1. Confirm the input file exists and variable names are correct.
2. Run `scripts/main.R` with the requested method and variable names.
3. Check the output directory for result files under `table/`.

If you omit `--data_file`, the script exits with `SKILL_MISSING_INPUT`.

## Outputs

Expected output structure:

```text
<output_dir>/
├── table/
├── figure/
└── data/
```

Primary result file:

- `table/<output_prefix>_<method>.csv`
- `table/<output_prefix>_<method>.txt`

Result fields include:

- `method`
- `correlation`
- `statistic`
- `p_value`
- `conf_low`
- `conf_high`
- `sample_size`
- `x_variable`
- `y_variable`
- `variable_orientation`

## Choose the Method

- Use `pearson` for linear relationships between continuous variables.
- Use `spearman` for monotonic relationships, non-normal data, or outlier-prone data.

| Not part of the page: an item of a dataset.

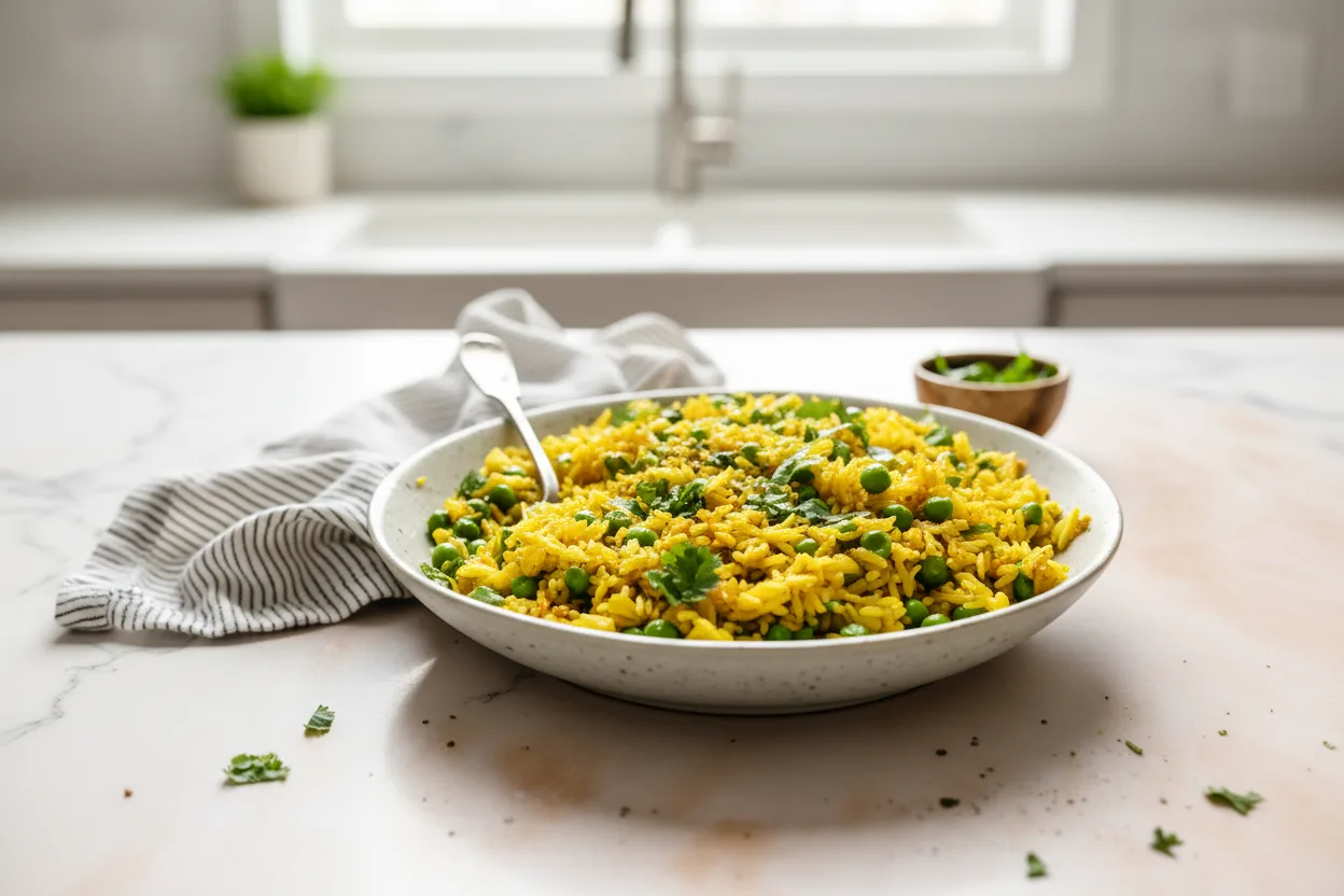 - Reis-Trick: Nach dem Kochen 5 Minuten ausdampfen lassen für lockere Körner

## Read These Files When Needed

| Need | File |
|------|------|
| Statistical details and assumptions | `references/algorithm.md` |
| More CLI examples | `references/cli-guide.md` |
| Error diagnosis | `references/troubleshooting.md` |
| Main execution entry point | `scripts/main.R` |
| Sample test data | `tests/data/` |

## Quick Examples

Pearson:

```bash
Rscript scripts/main.R \
  --data_file tests/data/sample_correlation_1.csv \
  --method pearson \
  --x_var variable1 \
  --y_var variable2 \
  --output_dir tests/output_pearson
```

Spearman:

```bash
Rscript scripts/main.R \
  --data_file tests/data/sample_correlation_3.csv \
  --method spearman \
  --x_var "Activated CD8 T cell" \
  --y_var "Central memory CD8 T cell" \
  --output_dir tests/output_spearman
```

## Validation

```bash
Rscript scripts/main.R --help
```

```bash
Rscript scripts/main.R \
  --data_file tests/data/sample_correlation_1.csv \
  --method pearson \
  --x_var variable1 \
  --y_var variable2 \
  --output_dir tests/validation_output
```

After running analysis, verify that `tests/validation_output/table/correlation_pearson.csv` exists.

## Common Errors

- `SKILL_FILE_NOT_FOUND`: Input file path is wrong or inaccessible.
- `SKILL_MISSING_COLUMNS`: One or both requested variables are missing.
- `SKILL_INVALID_DATA`: Input data is malformed or unsuitable for analysis.
- `SKILL_INVALID_PARAMETER`: An argument value is invalid.
- `SKILL_INSUFFICIENT_DATA`: Too few complete observations remain after filtering.
- `SKILL_DEPENDENCY_MISSING`: A required R package such as `optparse` or `data.table` is unavailable.

If the issue is not obvious, read `references/troubleshooting.md`.